All right so I finally booked a trip to Köln (my dream city) and will be going there next May for 10 days. It's not much but it's what I could afford as a student. Although it's for vacation reasons, I'd like to take advantage of my time there and try and get in touch will possible employers. Think anyone would consider hiring me a year from my visit, when I graduate from my Master's program? My degree is in Molecular Biochemistry, do you guys know of any employers, corporations, companies, or businesses that are in that field? Also, should I translate my resume/cv to German? I've never done science in Europe so I'm not sure if it's standardized in English or if every country publishes in it's own language. And last, how should I approach employers? Should I just show up and drop off my resume? Or email/call? Mail? Any and all constructive advice would help.


----------



## vronchen (Jan 26, 2012)

BiotechAbroad said:


> All right so I finally booked a trip to Köln (my dream city) and will be going there next May for 10 days. It's not much but it's what I could afford as a student. Although it's for vacation reasons, I'd like to take advantage of my time there and try and get in touch will possible employers. Think anyone would consider hiring me a year from my visit, when I graduate from my Master's program? My degree is in Molecular Biochemistry, do you guys know of any employers, corporations, companies, or businesses that are in that field? Also, should I translate my resume/cv to German? I've never done science in Europe so I'm not sure if it's standardized in English or if every country publishes in it's own language. And last, how should I approach employers? Should I just show up and drop off my resume? Or email/call? Mail? Any and all constructive advice would help.


i remember your other posts from a while ago. you started a master's program? good for you.

i honestly don't think that someone would hire you a year in advance, especially in industry. but it might be good to network. not sure what your other plans for the summer are, but have considered doing an internship in germany? that's probably easier to get than full time employment, and often these internships lead to full time employments later on. another concern: not sure anyone would hire a foreigner fresh out off school. and particularly in the biochem area a phd seemed to be preferred. what about doing your phd in germany? check out the biochem Max-Planckt institute (Graduate Program). phd programs in germany are shorter than in the US, since most require that you have a masters before you apply. they even pay for your trip to the interviews! it's not in Köln (it's near München), but your chances of getting a job would be so much higher, you would be able to learn more german, and the institute is very prestigious. 

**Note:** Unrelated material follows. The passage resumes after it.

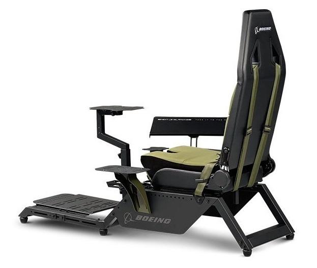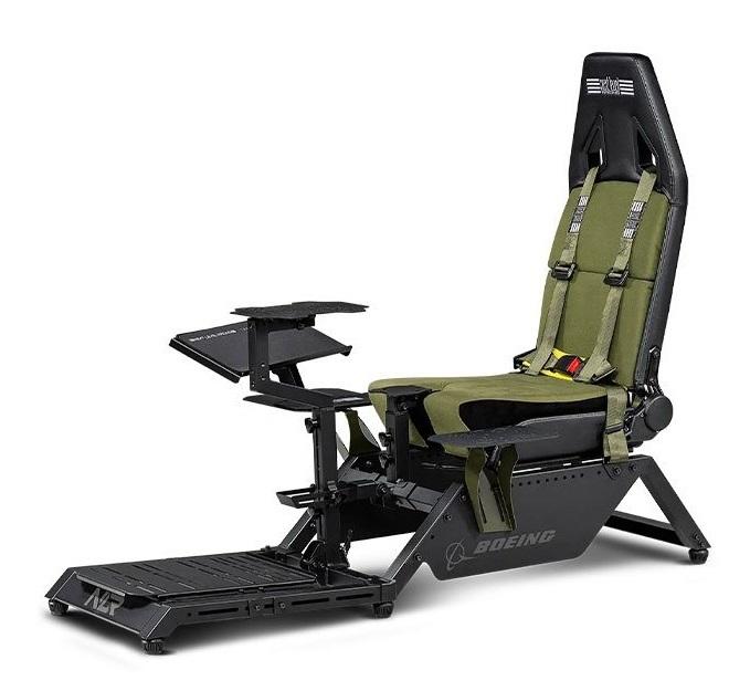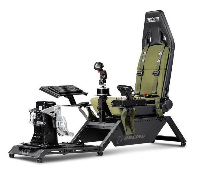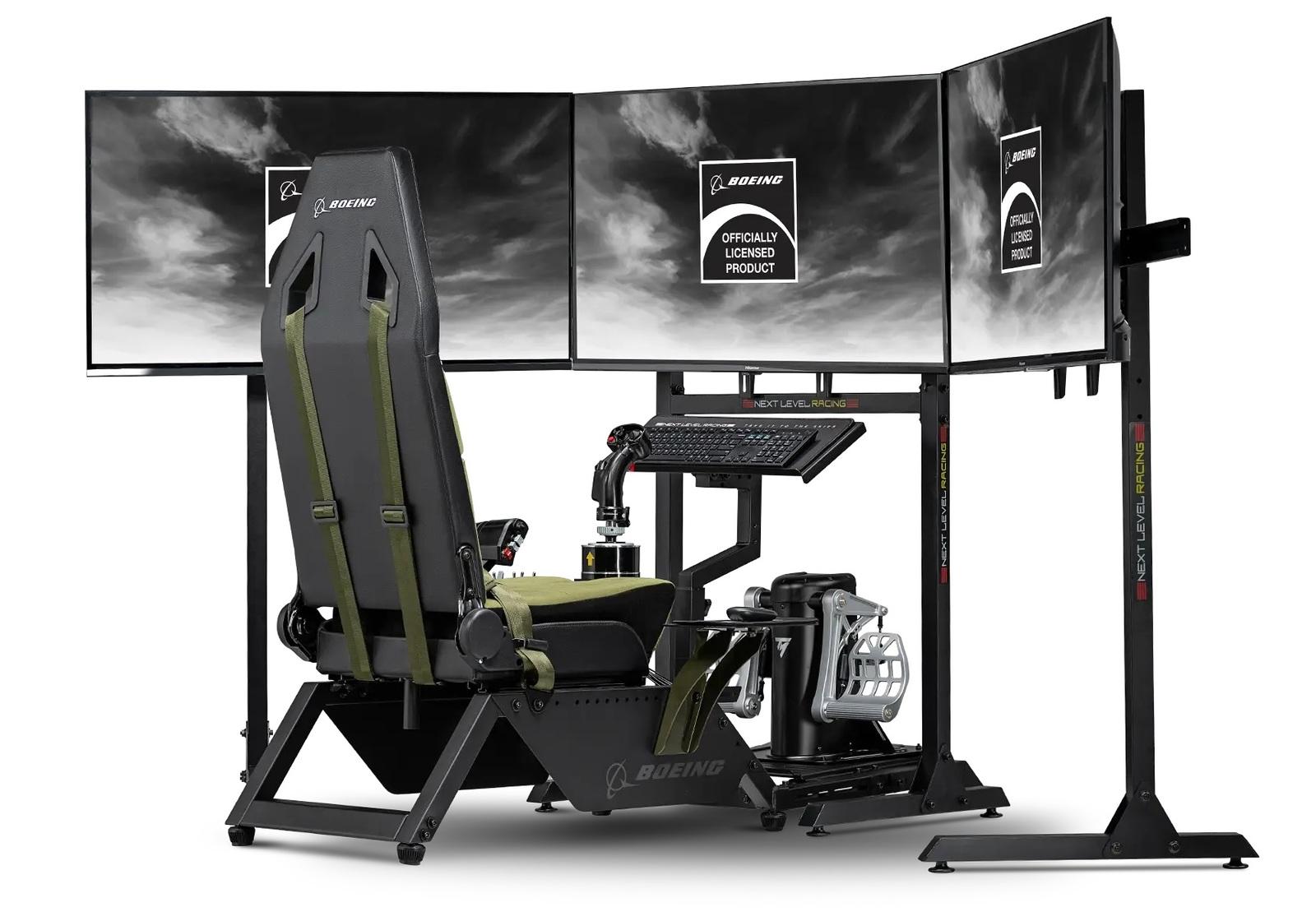 Takes it to the skies with the Next Level Racing Flight Simulator Boeing Military Edition, our first flight dedicated cockpit designed specifically for the aviation community in collaboration with The Boeing Company. Branded in Boeing components like the military inspired green canvas seat covering and Military Green highlights, the Boeing community can now interact with a flight a cockpit that is inspired by a military Boeing flight cockpit. The Next Level Racing® Flight Boeing Military Edition Cockpit offers a wide range of configurations to suit different class of flight, including Combat, Space, Commercial, and General Aviation. The Flight Simulator Boeing Military Edition Cockpit is compatible with a wide range of electronics such as yokes, joysticks, and throttles for all major brands.*DESIGNED SPECIFICALLY FOR FLIGHT*The Next Level Racing Flight Simulator Boeing Military Edition cockpit has been specifically designed and developed with flight users in mind. The Flight Simulator is the first flight cockpit that allows different flight configurations all in one station. With different components included with the Flight Simulator, the flight user can create a commercial flight configuration by attaching a wide range of yokes, rudders, and throttles directly to the cockpit. A military configuration is possible with a unique cut-out design of the seat to attach the Hotas center stick directly to the middle plate, providing a true-to-life combat experience.*WIDE RANGE OF ADJUSTMENTS*Built to suit different users, the Flight Simulator Boeing Military Edition boast a wide range of adjustments. In different categories of flight, the Flight Simulator cockpit provides adjustability in different components like the side arms with lateral adjustment of 300mm, and height adjustment of 75mm to get the perfect flight ergonomics for the user. The Centre Pole of the flight simulator offers a 150mm height adjustment for the position of the Yoke or the keyboard tray accessory. For Military and helicopter users, the Hotas center pole allows a 30mm range of height adjustment to ensure the right positioning for different size users.*COMPLETE THE BOEING EXPERIENCE*The Next Level Racing Flight Simulator Boeing Military Edition enables the Boeing community to interact with a brand they love and engage with the growing community of flight simulation. The seat is covered with a military inspired green canvas fabric to resemble a Boeing military flight cockpit and provide a comfortable flight experience during combat. For a visual brand experience, the Boeing logo is embroidered on the back of the flight seat, laser etched on the side panels, and military green highlights have been added.Features:* Dedicated flight cockpit for maximum simulation immersion* Official licensed product of The Boeing Company* Inspired Boeing inspired components like green canvas seat covering and military green highlights* Suited for Combat flight, General Aviation, Commercial flight, and Space Exploration users* Compatible with flight electronics such as yokes, joysticks, rudders, and throttles for all major brands* Wide range of adjustments to tailor your flight experience* Includes keyboard and mouse support for easy navigation with custom Next Level Racing keyboard and mouse pads* Compatible with Thrustmaster / Logitech / Saitek / Honeycomb/ Virtual Fly/ Crosswind and other flight accessory brands* Includes Buttkicker Adaptor, Next Level Racing Four-point harness, and Lumber SupportMotion Compatible with added accessories\*\*\*\*To make the Next Level Racing Flight Simulator Cockpit range motion compatible, users will require the Next Level Racing Motion Plus Platform Adaptor.*WHAT'S IN THE BOX** Next Level Racing Flight Simulator Boeing Military Edition Frame* Next Level Racing dedicated Boeing inspired Flight Seat* Four Point Next Level Racing Harness* Next Level Racing Custom Feet* Buttkicker Adaptor Mount* Seat Sliders* Custom Next Level Racing Keyboard and Mouse Pads* Next Level Racing Lumbar Cushion* Hardware for assembly with extra hardware for hard mounting peripherals* Digital assembly instructions and assembly videos available here: [http://bit.ly/…instructions](http://bit.ly/nlr-instructions)*SPECIFICATIONS** Supported Height – 120 –210 cm or 4ft – 6ft 9 inches* Supported Max Weight – 150 kg or 330 lbs* Product Dimensions – (L) 153 cm x (W) 99 cm or (H) 122cm /(L) 60.2 inches x W 39 inches x H 48 inches)* Product Weight – 49.5kg or 109.1 lbs* Box Dimensions: 100 cm (L) X 54cm (W) X 48cm (H)/ 39.4 inches(L) x 21.3 inches (W) x 18.9 inches(H)* Boxed Weight – 56.3 kg or 124.1 lbs* Part Number – NLR-S028*COMPATIBLE NLR PRODUCTS** Next Level Racing Free Standing Single Monitor Stand* Next Level Racing Free Standing Triple Monitor Stand* Next Level Racing Free Standing Keyboard and Mouse Stand* Next Level Racing Elite Free Standing Monitor Stand* Next Level Racing Elite Quad Monitor Stand* Next Level Racing Lockable Castor Wheels* Next Level Racing Floor Mat* Next Level Racing Motion Plus Adaptor (This allows the flight cockpit to be compatible with Next Level Racing Motion Plus Platform and Traction Plus PlatformPlease note: Wheel and pedal and other accessories are not included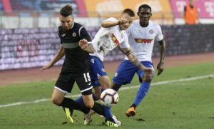 27′ Опасно положение за Хайдук – центриране към непокрития Тудор на втора греда, но той се размина с топката.

for companies in that area: not sure what kind of chemie there are doing, but the obvious one is of course Bayer. it's not in Köln, but Leverkusen is a very short commute from Köln.

usually, you would send a CV in german. my strategy is: if the job descriptions is in german I send a german CV, if it is in english I send an english CV. (if your german is good enough, translate the CV so that potential employer's see you can speak the language at least a little bit.) But for both I make sure that it is a german style (or at least european style) CV. So you should include more information such as date of birth and gender. I think europass has cv templates. but I would never send a cv as .doc. i personally hate anything that is generated by an office product and for science careers would only use CVs that are generated by latex. but I guess that is just my personal taste.

I would not go and drop off a hard copy of your CV. for most companies you can do a general application (not for a specific job), and send in a soft copy. also, in germany it seems much more important to include a cover letter.


----------



## vronchen (Jan 26, 2012)

oh, and make sure you have (certified) copies of your transcripts (including high school) available.


----------